After numerous phone calls with close friends and family in an attempt to restore some sort of hope, I realized that my efforts were futile. So I ran.
I ran as fast as I could for as long as I could because I couldn’t do anything else.
That is, until I logged onto Facebook and watched my sister, Diamond Reynolds, livestream the aftermath of a trigger happy police officer shooting another black man, Philando Castile, for doing exactly what the officer instructed him to do – providing identification. According to Reynolds, Castile notified the officer that he was licensed to carry a weapon, but he wanted to comply with the officer’s request. The officer’s response? He unloaded bullets into Castile without a second thought. Castile did not resist arrest. He did exactly what the naysayers have been telling blacks that we should do to avoid being murdered by the police. He was murdered anyway.
Never mind the officer’s training in routine traffic stops. Never mind the 4-year-old in the back seat, screaming “It’s okay, Mommy,” who could have also been murdered by the ill-equipped officer who fears black skin. Never mind the little girl waking up 10 years later to cold sweats from nightmares because of the latent Post Traumatic Stress Disorder from watching her mother’s boyfriend get murdered by ‘the good guys.’
Never mind anyone with this skin of mine.

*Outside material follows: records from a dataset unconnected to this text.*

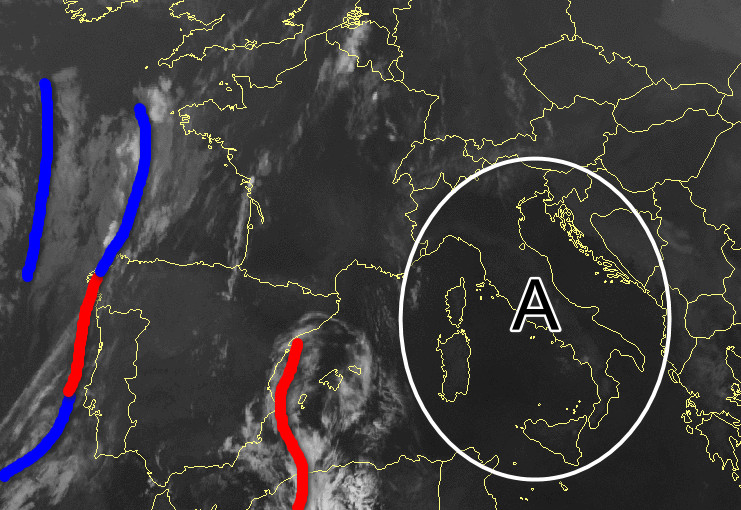 Nelle prossime 24-36 ore l’alta pressione raggiungerà il suo apice. Vi mostriamo l’ultima immagine satellitare che ritrae il tempo in Europa: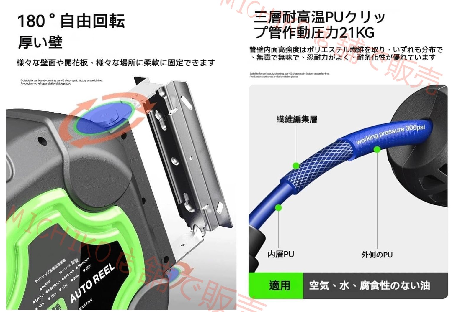 この強力な格納式ホースリールで、庭の水やり、洗車、その他の場所の掃除をお楽しみください。ホースの絡みを防ぐ位置決めボール設計と、耐久性と柔軟性に優れた3層の耐高温PVC糸チューブが特徴です。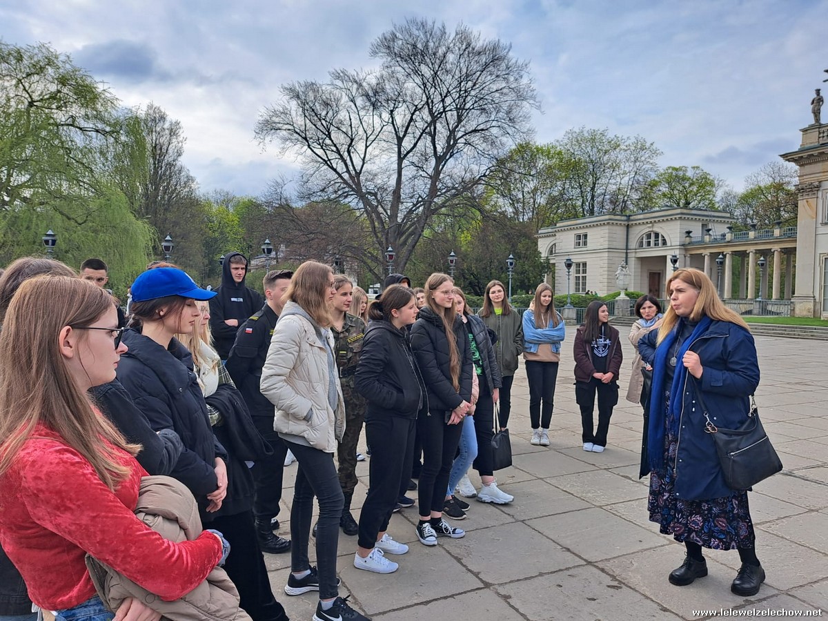 Po intensywnym zwiedzaniu był czas na posiłek oraz relaks na łonie natury. Uczniowie wraz z opiekunkami: panią Sylwią Tomaszek, panią Anettą Dziak, panią Urszulą Kobielus, panią Lidią Soćko oraz panią Anną Włodarczyk odwiedzili Łazienki Królewski i sprawdzili, czy w Warszawie już na dobre zagościła wiosna. Pogoda okazała się na tyle łaskawa, że z przyjemnością przespacerowaliśmy się po parku i popatrzyliśmy na łazienkowskie zabytki. Wycieczka naprawdę się udała.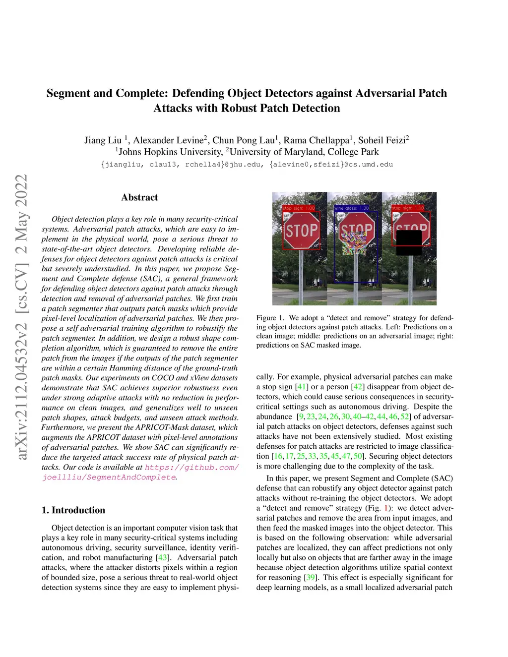 Object detection plays a key role in many security-critical systems. Adversarial patch attacks, which are easy to implement in the physical world, pose a serious threat to state-of-the-art object detectors. Developing reliable defenses for object detectors against patch attacks is critical but severely understudied. In this paper, we propose Segment and Complete defense (SAC), a general framework for defending object detectors against patch attacks through detection and removal of adversarial patches. We first train a patch segmenter that outputs patch masks which provide pixel-level localization of adversarial patches. We then propose a self adversarial training algorithm to robustify the patch segmenter. In addition, we design a robust shape completion algorithm, which is guaranteed to remove the entire patch from the images if the outputs of the patch segmenter are within a certain Hamming distance of the ground-truth patch masks. Our experiments on COCO and xView datasets demonstrate that SAC achieves superior robustness even under strong adaptive attacks with no reduction in performance on clean images, and generalizes well to unseen patch shapes, attack budgets, and unseen attack methods. Furthermore, we present the APRICOT-Mask dataset, which augments the APRICOT dataset with pixel-level annotations of adversarial patches. We show SAC can significantly reduce the targeted attack success rate of physical patch attacks. Our code is available at https://github.com/joellliu/SegmentAndComplete.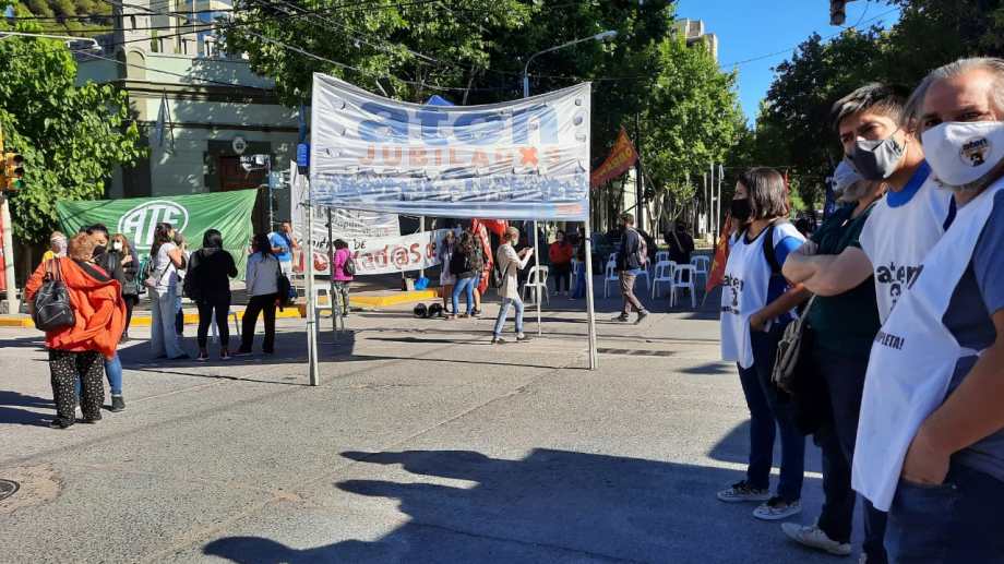 Los consejeros gremiales de ATEN en el Instituto de Seguridad Social del Neuquén (ISSN) se manifestaron en las puertas de Casa de Gobierno exigiendo que el gobernador Omar Gutiérrez «gire al ISSN los fondos necesarios para pagar a todos los jubilados la suma anunciada a los activos».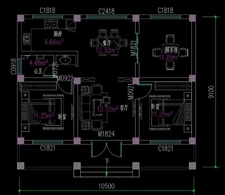 占地尺寸:10.5米×9.1米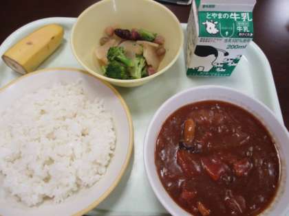 今日の献立は、ごはん、牛乳、たべキリンハヤシ、ビーンズサラダ、バナナです。給食のハヤシライスは、子供たちの大好きな献立です。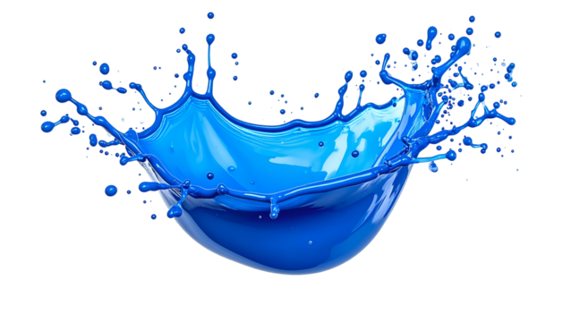 A vibrant blue paint splash erupts from a central point, set against a stark black backdrop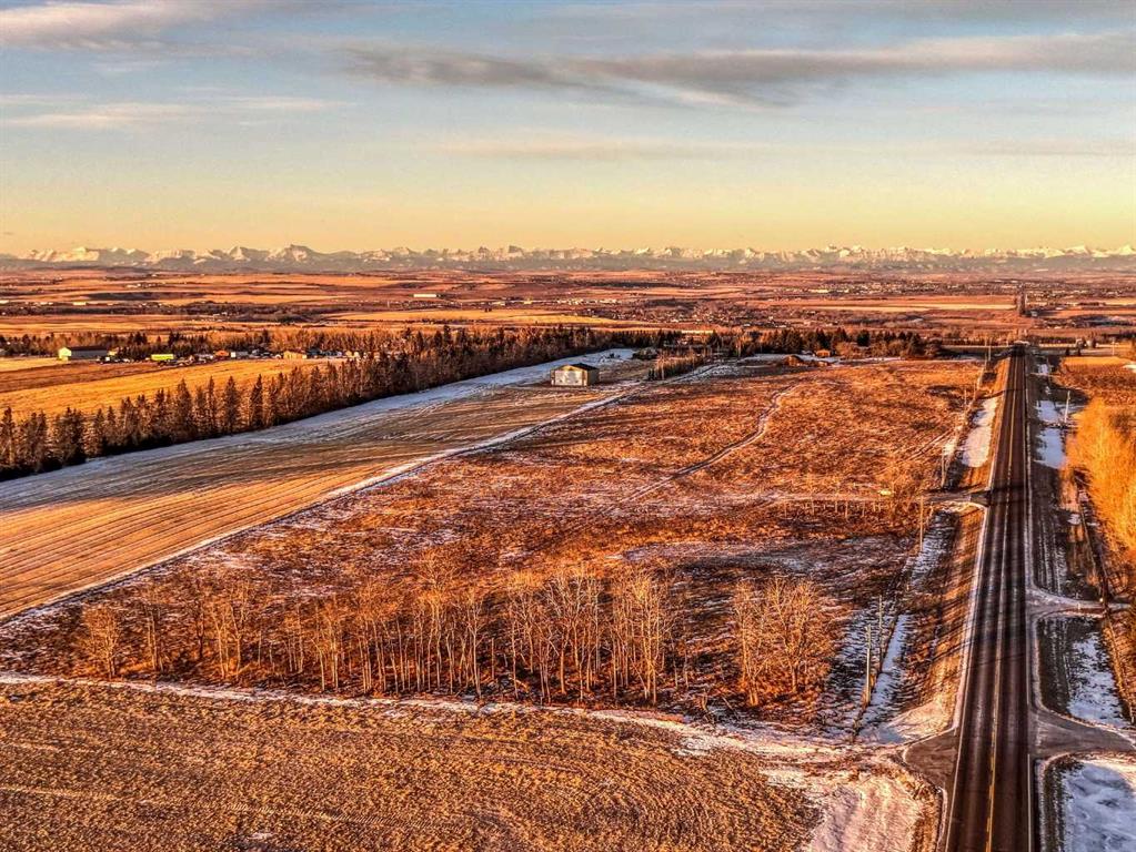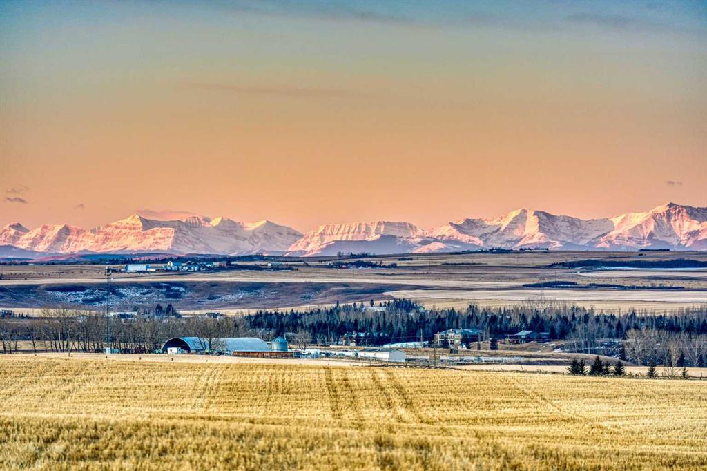 Prime Alberta land. Strong water. Services along the property line.Endless views. Incredible neighbours yet spectacular privacy. Imagine building your country dream home on a picturesque 5 acre parcel in the coveted Gladys Ridge area, just East of Okotoks and only 20 minutes south of Calgary. Thoughtfully shaped by nature, the property features pockets of mature trees, expansive valley views and distant city vistas, all anchored by a brand new drilled well producing a strong 5 gallons per minute, a highly desirable water supply for rural living. The land gently opens toward the horizon, creating an ideal canvas for a custom country residence where styles such as modern farmhouse, prairie contemporary, timeless ranch or the popular craftsman would feel perfectly at home. From your future windows and outdoor living spaces, enjoy sweeping views of the majestic Rocky Mountains, ever changing skies and unforgettable sunsets that paint the foothills nightly. Days begin with the sun rising over golden farmer’s fields that seem to stretch forever, while evenings invite star gazing, wide open skies and the occasional northern lights dancing above the ridge. Located across from an equestrian ranch and surrounded by rolling wheat and canola fields, this setting offers a peaceful rhythm of country life with the simple joy of walking along the nearby ridge and taking in the spectacular mountain peaks in the distance. Despite its serene and private feel, this property is just minutes from Okotoks and approximately 20 minutes to Calgary, offering easy access to top schools, sports arenas, and the South Campus Hospital and an abundance of dining and shopping amenities. With no architectural controls or timelines to build, fencing in place, strong water supply, and all the services (electricity/gas) located along the property line, this is a rare opportunity to create your dream home exactly as you envision it on prime Alberta land, surrounded by great neighbours, natural beauty and space to truly breathe.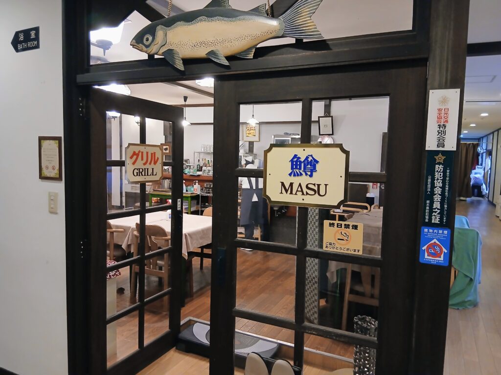 食事は朝夕ともに、レストラン「グリル鱒」でいただきます。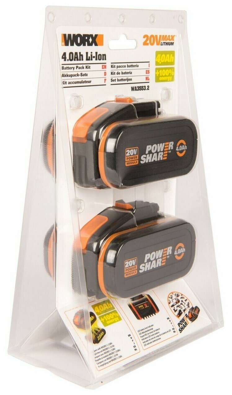 Комплект WORX WA3553.2: 2х аккумулятор 2*20В 4.0 А/ч .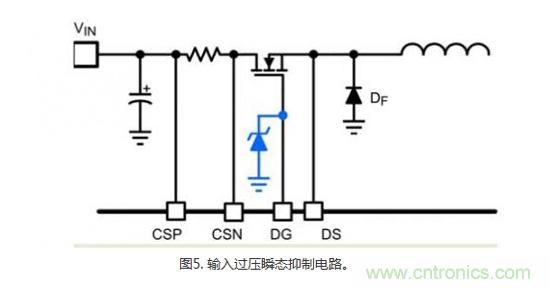 需牢記的一點是,雖然將MOSFET用於保護功能可實現對湧入或故障情況的快速響應,但是你應該在MOSFET的de輸shu出chu端duan上shang執zhi行xing一yi個ge適shi當dang的de電dian壓ya緩huan衝chong,以yi確que保bao用yong於yu保bao護hu功gong能neng的de器qi件jian不bu會hui使shi下xia遊you電dian路lu出chu現xian問wen題ti。在zai升sheng壓ya電dian路lu中zhong,保bao護hu器qi件jian之zhi後hou出chu現xian的de第di一yi個ge直zhi插cha式shi組zu件jian是shi原yuan邊bian電dian感gan器qi。續xu流liu二er極ji管guan可ke以yi管guan理li保bao護huMOSFET與電感器之間的任何電壓振鈴,它隻有在保護開關迅速關閉時才會導電,特別是在斷路器位於電感器左側時(圖5)。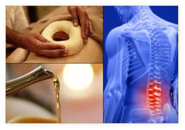 In Pristha vasti continuous warm oil application over the whole spine area for a period of 30 to 4o min increases the blood flow over the back region and helps to get the good nutrition and pain relieving bio-chemicals of the affected area. It also helps to reduce local toxins, waste materials and pain producing bio-chemicals from the affected area.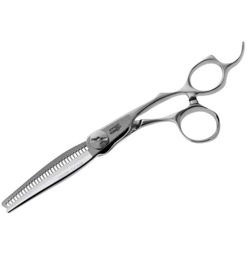 В серию производства ножниц SWORD была заложена существенная идея, направленная на наличие удобного комфорта парикмахера при работе с клиентами. Представленная модель филировочных ножниц SWORD THINNING на базе модели D-17 снабжена особенной формой из тридцати зубцов дугообразной формы, которые осуществляют мягкий срез, за 1 шаг, снимая более 40% волос. Легкое скольжение по волосам придает дугообразное нижнее лезвие ножниц. Режущие формы полотен "меч хамагури" в моделях D-17, имеющие дизайнерскую японскую уникальность, позволяют осуществлять любые приемы в технике профессиональной стрижке, при этом создавая свободное, комфортное положение руке мастера. Износостойкая втулка, созданная на основе материала "carbonresin", являющая запатентованным изделием из винтовой группы, снабжает натяжение полотен ножниц точнейшей регулировкой, легкостью и мягкостью хода, а также обеспечивает точность среза. Мелкий шаг хода ножниц регулируется на основе системы MINIKLIK.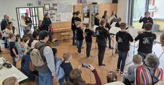 Das Jugendblasochester Berchluft mit einem Ständerle für die Besucher des Schnuppertags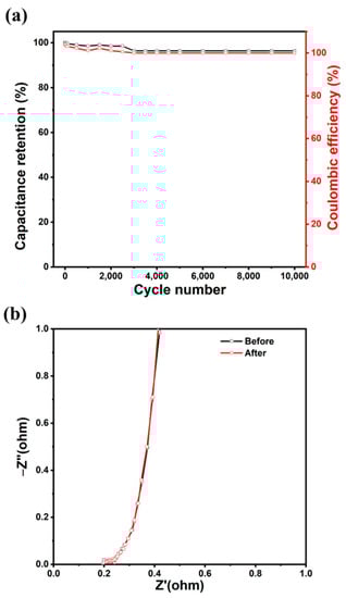The cycling stability of the CNTs/NF electrode was also measured using the GCD methods in the range of −1.0 to 0 VSCE at a current density of 30 mA cm−2 for 10,000 cycles. Figure 8a shows the capacitance retention and Coulombic efficiency as a function of the cycle number. After 10,000 cycles, the CNTs/NF electrode displays a significantly long cycle life, with a capacitance retention of 96.4% of its initial specific capacitance. Additionally, the Coulombic efficiency is used to evaluate the efficiency of electron transfer within an electrochemical system, according to the output/input charge ratio of an SC. The obtained Coulombic efficiency shown in Figure 8a is well maintained at ~100%, with a slight change in capacitance, indicating that the CNTs/NF electrode exhibited not only good cycling stability, but also low internal resistance. To further characterize the cycling performance, EIS was also carried out to record the Nyquist plots before and after the total 10,000 cycles of the test, as shown in Figure 8b. It was observed that the impedance results, before and after the total 10,000 cycling test, were almost the same, and the EIS results corresponded with the Coulombic efficiency from the cycling stability test. The excellent cycle performance is attributed to the stable structure of the direct growing CNTs, with a strong attachment to the NF current collector, ensuring the good mechanical and electrical connection between the NF collector and the CNTs.
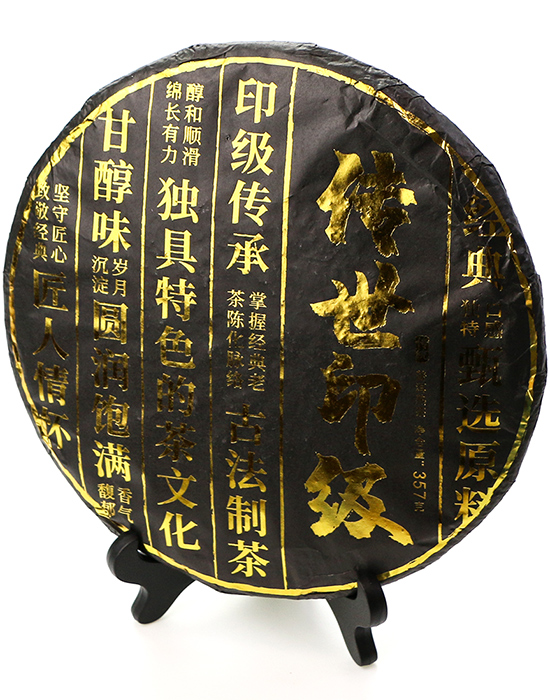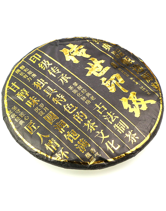 Китайский чай Шу пуэр императорский гунтин с золотыми бутонами, чай с древних деревьев Мэнхай Гу Шу, урожай 2019 года, традиционный рецепт прессование в каменных формах, вес 357 грамм
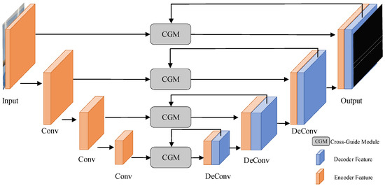 Figure 2 shows a schematic of the CGM. The features extracted by the encoder are connected through crosslayers. Initially, channel attention is extracted, followed by the calculation of spatial attention. The calculated spatial attention utilized to weigh the decoder features guides the decoder’s image recovery process. Furthermore, the features extracted by the decoder undergo the same operation, and the cross-weighted features are concatenated to generate edge images.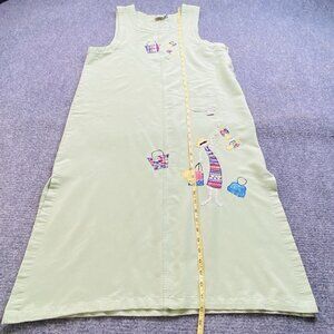 Beverly's Jumper Dress 14 Maxi Green Appliqué Purse Sandals Shopping Coastal Vtg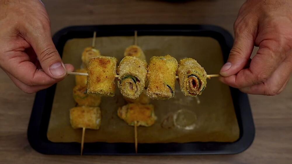 - Rolnice od tikvica sa svih strana uvaljajte u brašno, potom u jaja, pa u prezle. Tako pripremljene rolnice posložite na štapiće za ražnjiće, te stavite na pleh preko pek papira i ubacite na rernu na 200-220 stepeni da se peku oko 15 minuta.
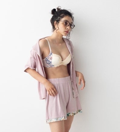 世界中で人気の英国テキスタイルブランド「リバティ・ファブリックス」の余剰生地を活用したサステナブルなカプセルコレクション。チャーミングなプリント生地を、パイピングやポケット口にあしらいました。身生地は綿100%で、とろみのある、なめらかな着ごこちです。ブラジャーやショーツもラインアップしています。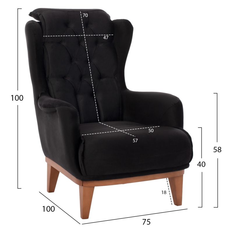 HM9313.01 Черно кадифено кресло BENNINGTON, 75x100x100см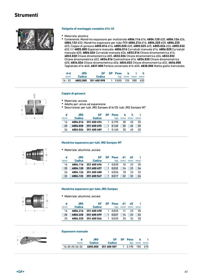 d32 /// 4805.000 Espansore manuale, 4806.016 Curvatubi manuale d16, 4806.020 Curvatubi

Right?
According to a database on Guardian.com that tracks police killings in the United States, Philando Castile’s murder makes him the 136th black HUMAN killed by the police in 2016, alone. I’ve never been filled with so many emotions. I’ve never felt this amount of rage.
I fear for my life everyday.
I am a college-educated, working professional in pursuit of a master’s degree from an accredited university. I pay my taxes. I use my turn signals. I help the elderly reach the high shelves at the grocery store, and I mentor our youth. Yet, every single day when I walk out my door, I consider the fact that any random self-appointed watchman that believes I am not where I belong, or any gun-toting police officer that fears my skin color — basically ANYONE — can murder me at the drop of a dime. And I know they will feel justified in doing so simply because I’m black. Lorraine Hansberry spoke of the feeling of suffocation that blacks experience, living in a country that still reaps the benefits of our labor, our culture and our dollars, but leaves us with nothing and nowhere to turn to.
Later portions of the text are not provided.